Though that’s just a mad level of nitpicking about how to pitch this. :smiley:

Now, an Idea

We can (almost) try out (a little less ergonomic version of) extensible union types today!

One huge problem this proposal is set out to solve is to break up huge message types that naturally grow, when you grow an application.

Let’s say you have such a message type Msg. Now you’ve got a view function:

view : Model -> Html Msg
view model =
        (viewHeader model)
        (viewBody model)
        (viewFooter model)

viewHeader : Model -> Html Msg
viewHeader = ...

viewFooter : Model -> Html Msg
viewFooter = ...

Now, viewHeader and viewFooter have this problem that you mention in your article: They’re over-constrained.
Just like

-- An exaggerated example that people don't do, but illustrative
addOne : Int -> Maybe Int
addOne x = Just (x + 1)

which doesn’t need to return Maybe, viewHeader doesn’t produce any constructor of Msg, but maybe just 6-10 of them, like GoToPage, when you click on a settings icon, or ToggleDarkTheme and some more.

But as you noted in your article, records and unions are dual to each other.

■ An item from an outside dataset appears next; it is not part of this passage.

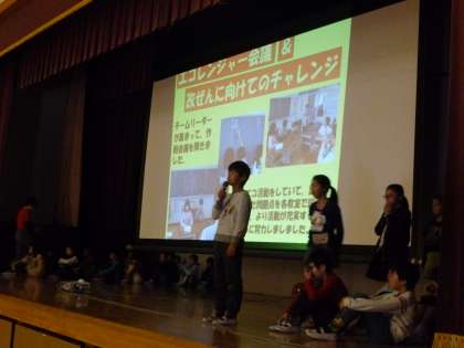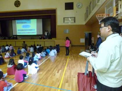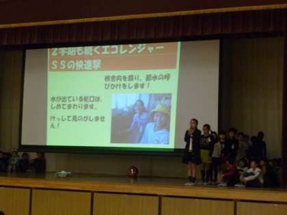 児童集会で、4年生の「エコスクール活動」の取り組みを発表しました。水、電気、そして、紙などの資源回収について、今までの自分たちの取り組みを説明しました。社会科で見学させてもらった環境センターからも職員の方にお越しいただき、発表を聞いていただきました。

So when you have extensible record types, you almost have extensible union types:

viewHeader :
    { a
        -- these fields mirror the signatures of your union constructors
        | goToPage : Url -> msg
        , toggleDarkTheme : msg
        ... -- other messages used by viewHeader
            -- but no messages used by e.g. viewFooter
    -> Html msg
viewHeader =

This way, you make the msg type of your viewHeader function ‘just right’.

What you’d do to use this, would be to create one huge record of all of your constructors for Msg, let’s call that msgConstructors and pass that to all view functions:

view : Model -> Html Msg
view model =
        (viewHeader msgConstructors model)
        (viewBody msgConstructors model)
        (viewFooter msgConstructors model)

msgConstructors =
    { goToPage = GoToPage
    , toggleDarkTheme = ToggleDarkTheme
    , emailFormSubmit = EmailFormSubmit -- used in viewFooter
    ... -- a field for all other message constructor

However, there are still differences with this approach and actual structural union types:

  1. You have to define this msgConstructors record!
  2. When adding a message constructor, you need to also add it to msgConstructors. Also, msgConstructors and Msg can get out-of-sync and there can be errors in translation.
  3. Abstracting out these ‘extensible union types’ doesn’t take only 1, but 2 type parameters:
    type alias HeaderMsgs a msg =
        { a
            | goToPage : Url -> msg -- what else, if not 'msg'?
            , toggleDarkTheme : msg
    With actual extensible union types, it’s only 1 type parameter.

But I like that it’s almost possible to try out how extensible union types could be used to structure an elm application today. In such a way that it’s also possible to run it and verify that it gives you the benefits you hope for.

I also remember that something like msgConstructors gets auto-generated in the functional programming language ‘Dhall’ for their extensible union types. They essentiall support this:

type alias HeaderMsgs =
    @GoToPage or @ToggleDarkTheme

msgConstructors = HeaderMsgs -- a value-level identifier generated for the type-level type alias definition.

For more info on that feature see the dhall language cheatsheet.

Earlier I suggested this is not exactly like extensible records for two reasons:

  1. That the type of value @X "hi" would be the open type [ a | @X String ]
  2. There needs to be a special rule for case expressions.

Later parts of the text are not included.